Ordinanza di Cassazione Civile Sez. 2 Num. 10721 Anno 2025
Civile Ord. Sez. 2 Num. 10721 Anno 2025
Presidente: COGNOME
Relatore: COGNOME
Data pubblicazione: 23/04/2025
R.G.N. 6450/20
C.C. 25/02/2025
ORDINANZA
Risarcimento danni ex art. 1669 c.c. -Gravi difetti -Tutela risarcitoria ai sensi dell’art. 2043 c.c.
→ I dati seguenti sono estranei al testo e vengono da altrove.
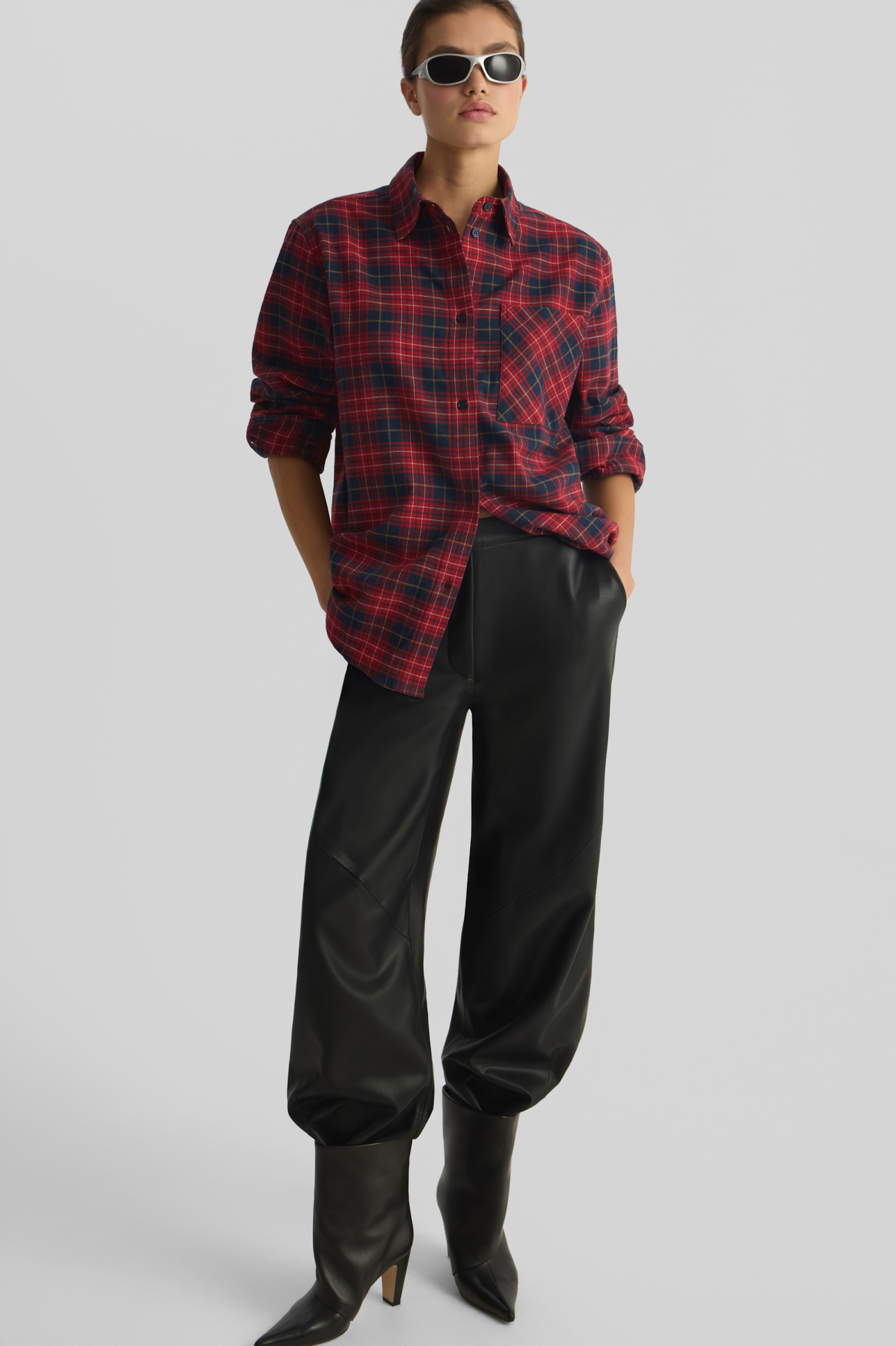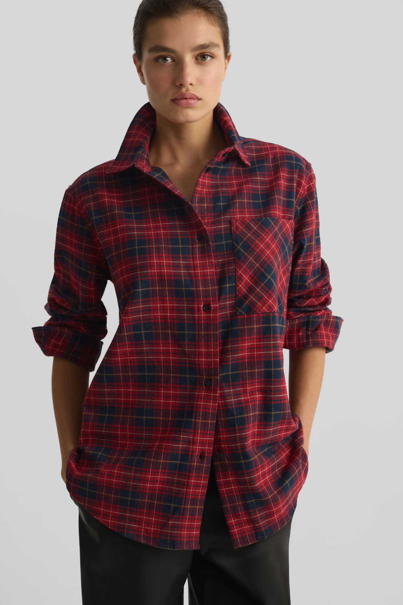 Рубашка в клетку бордового цвета

sul ricorso (iscritto al N.R.G. 6450/2020) proposto da: COGNOME NOME (C.F.: CODICE_FISCALE e COGNOME NOME (C.F.: CODICE_FISCALE, rappresentati e difesi, giusta procura in calce al ricorso, dall’Avv. NOME COGNOME con domicilio digitale eletto presso l’indirizzo PEC del difensore;
-ricorrenti –
contro
RAGIONE_SOCIALE (P.IVA: P_IVA, in persona del suo legale rappresentante pro -tempore , elettivamente domiciliata in Roma, INDIRIZZO presso lo studio dell’Avv. NOME COGNOME che la rappresenta e difende, unitamente all’Avv. NOME COGNOME giusta procura in calce al controricorso;
-controricorrente – avverso la sentenza del Tribunale di Milano n. 11333/2019, pubblicata il 6 dicembre 2019, notificata a mezzo PEC il 6 dicembre 2019;
udita la relazione della causa svolta nella camera di consiglio del 25 febbraio 2025 dal Consigliere relatore NOME COGNOME
lette le memorie illustrative depositate nell’interesse delle parti, ai sensi dell’art. 380 -bis .1. c.p.c.
FATTI DI CAUSA
1. -Con atto di citazione notificato il 28 ottobre 2015, COGNOME NOME e COGNOME NOME convenivano, davanti al Giudice di Pace di Milano, la RAGIONE_SOCIALE chiedendo che la società convenuta -quale costruttrice e venditrice -fosse condannata al risarcimento dei danni, in favore degli attori, nella misura di euro 2.230,00 o della diversa maggiore o minore somma accertata, per i gravi difetti presenti all’interno dell’appartamento di loro proprietà, sito nel Comune di Gorgonzola, nell’ambito del complesso immobiliare denominato ‘RAGIONE_SOCIALE‘, difetti imputabili ai vizi di costruzione dell’immobile e consistenti nell’omessa realizzazione della vaschetta di raccolta della condensa, da collegarsi con idoneo tubicino al sifone di scarico del lavello della cucina, con conseguente determinazione del ristagno di acqua e di umidità sul muro.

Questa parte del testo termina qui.